The Lifecycle of an Advanced Deployment: From Blue to Green

So I'll come back to this story in a second, but first I just want to take you through the lifecycle of an advanced deployment in a bit more detail. In the initial state, we have a service running in production. We call it the Blue Environment. All traffic is going there, and when we start a new deployment, we have a new spec for the tasks that need to be run, including a new container image, for example. And we enter the deployment state machine in the first stage, which is known as Pre Scale Up. So this is before we scale up the green environment.

Now you'll see there's a little hook icon on the side there. That denotes that this is a hookable stage, which means you can attach a lifecycle hook to it. So with lifecycle hooks, you can run your own custom logic in a Lambda function, and you can use that to perform tests or checks that you could use to determine whether you want that stage to proceed, to succeed and proceed to the next stage, or whether you want to force a rollback. In this example, before you scale up the green environment, you might, for example, want to run some kind of admission control check where you might say, for example, is this container image coming from a trusted repo?

Thumbnail 780

Thumbnail 790

So if the hook returns successfully, you then proceed to the next stage, and this is where we do the scale up. So here we scale up the green environment. You can see there on the far side, we have the green environment scaling up. And once you achieve the full scale up, then we enter the Post Scale Up stage. At this point, all production traffic is still going to the blue environment. There's no traffic going to the green environment.

Thumbnail 810

Thumbnail 830

So once we've got the green environment in place, the next step is to start shifting test traffic to it. So we now enter the Test Traffic Shift stage, and here we configure routing so that test traffic, which has to be identified in some way, we'll come back to that later, that test traffic can start to flow to the green environment. Once that routing is set up, we enter the Post Test Traffic Shift stage. Now at this point, the green environment is able to start to receive test traffic.

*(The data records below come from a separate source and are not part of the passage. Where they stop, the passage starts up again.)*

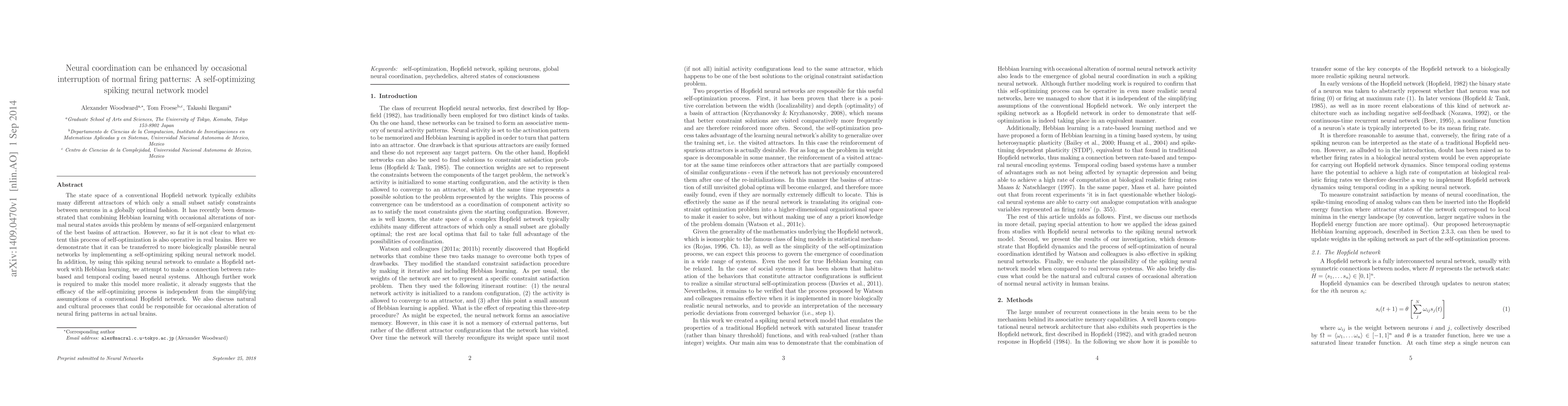 The state space of a conventional Hopfield network typically exhibits many different attractors of which only a small subset satisfy constraints between neurons in a globally optimal fashion. It has recently been demonstrated that combining Hebbian learning with occasional alterations of normal neural states avoids this problem by means of self-organized enlargement of the best basins of attraction. However, so far it is not clear to what extent this process of self-optimization is also operative in real brains. Here we demonstrate that it can be transferred to more biologically plausible neural networks by implementing a self-optimizing spiking neural network model. In addition, by using this spiking neural network to emulate a Hopfield network with Hebbian learning, we attempt to make a connection between rate-based and temporal coding based neural systems. Although further work is required to make this model more realistic, it already suggests that the efficacy of the self-optimizing process is independent from the simplifying assumptions of a conventional Hopfield network. We also discuss natural and cultural processes that could be responsible for occasional alteration of neural firing patterns in actual brains
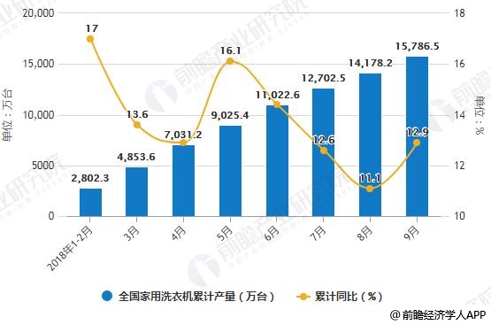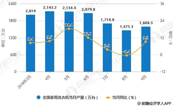 据前瞻产业研究院发布的《中国洗衣机行业产销需求与投资预测分析报告》统计数据显示,2018年3-7月全国家用洗衣机产量逐渐下降,2018年7月全国家用洗衣机产量为532.4万台,同比下降3.6%。2018年8-9月全国家用洗衣机产量有所回升,2018年9月全国家用洗衣机产量为652.1万台,同比下降2.8%。2018年1-9月全国家用洗衣机产量为15786.5万台,同比增长12.9%。
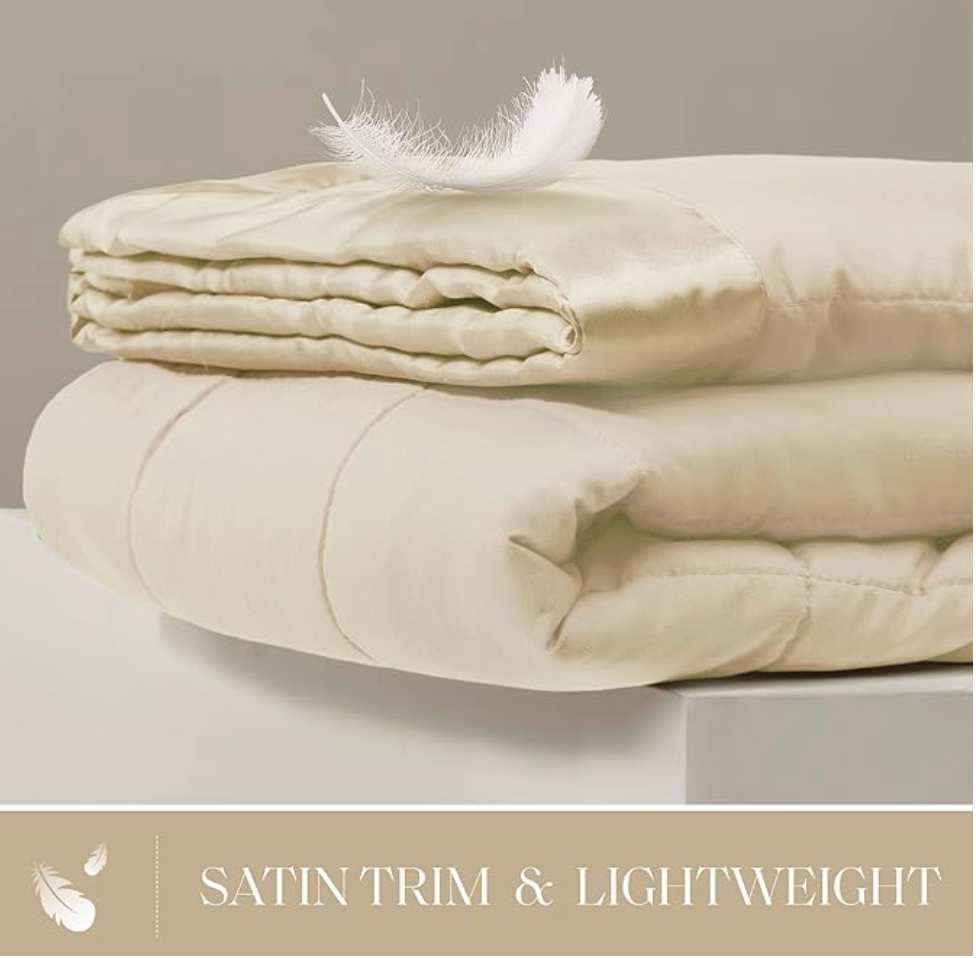 This Cooling Blanket by Madison Park is perfect for hot sleepers and is suitable for all seasons. Made from 100% polyester with a hypoallergenic down alternative filling, it provides quality comfort and wellness. The rectangular shape and classic box quilting with satin trim add a touch of luxury to any bedroom. Machine washable and steam iron for wrinkle removal, this lightweight and breathable blanket ensures a good night's sleep for teens, adults, and kids alike. Oeko-Tex certified, this modern and stylish blanket in beige color includes no harmful substances or chemicals.
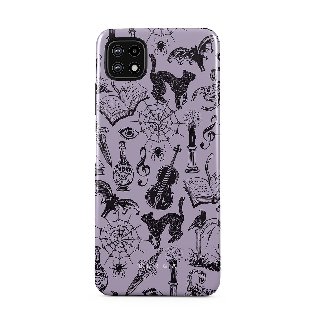 此設計特色:哥特風格塗鴉、神秘元素、蜘蛛、蜘蛛網、貓、提琴、眼睛、蠟燭、匕首、書本、蝙蝠、烏鴉、蠍子

This is a really convenient place to put in some hooks if you want to do some automated testing on the green environment, or if you want some kind of manual checks and manual approval on something running in the green environment. You can do that through the hook here, and we're going to see some examples of this with Unicorn Watch and see how they use it. So we're now at the position where the blue environment is still receiving all production traffic, and all test traffic is going to green.

Thumbnail 870

Once we exit the Post Test Traffic Shift successfully, so any lifecycle hooks have succeeded, we then start to shift the production traffic to the green environment. Now depending on the strategy you're using, this can happen in a number of different ways. The simplest is with blue-green. This happens all at once, so we shift all traffic in one step from blue to green. But you can also do canary, where you have it in two stages, or you can do it linear, which could be multi-step. We'll come back to that shortly. Once you've shifted the production traffic and you've got 100% going to green, we enter the Post Production Traffic Shift stage.

Thumbnail 910

Now at this point, there's no more production traffic going to blue. It's all going to green, but the blue environment is still running. We still have the old service revision running in the blue environment. This is useful because it means that if something was going wrong in the green environment, we can very quickly roll back and switch back to the blue one.

Thumbnail 930

Thumbnail 950

And we keep this blue environment running for a defined bake time. So as part of your configuration for your blue-green deployment, you can specify a bake time, and for the whole duration of the bake time, your blue environment will continue to exist. Once the bake time is over, the final step is clean up. At this point, we scale the blue down to zero, and we now have a situation where the green is our production environment and becomes the blue environment for the next deployment.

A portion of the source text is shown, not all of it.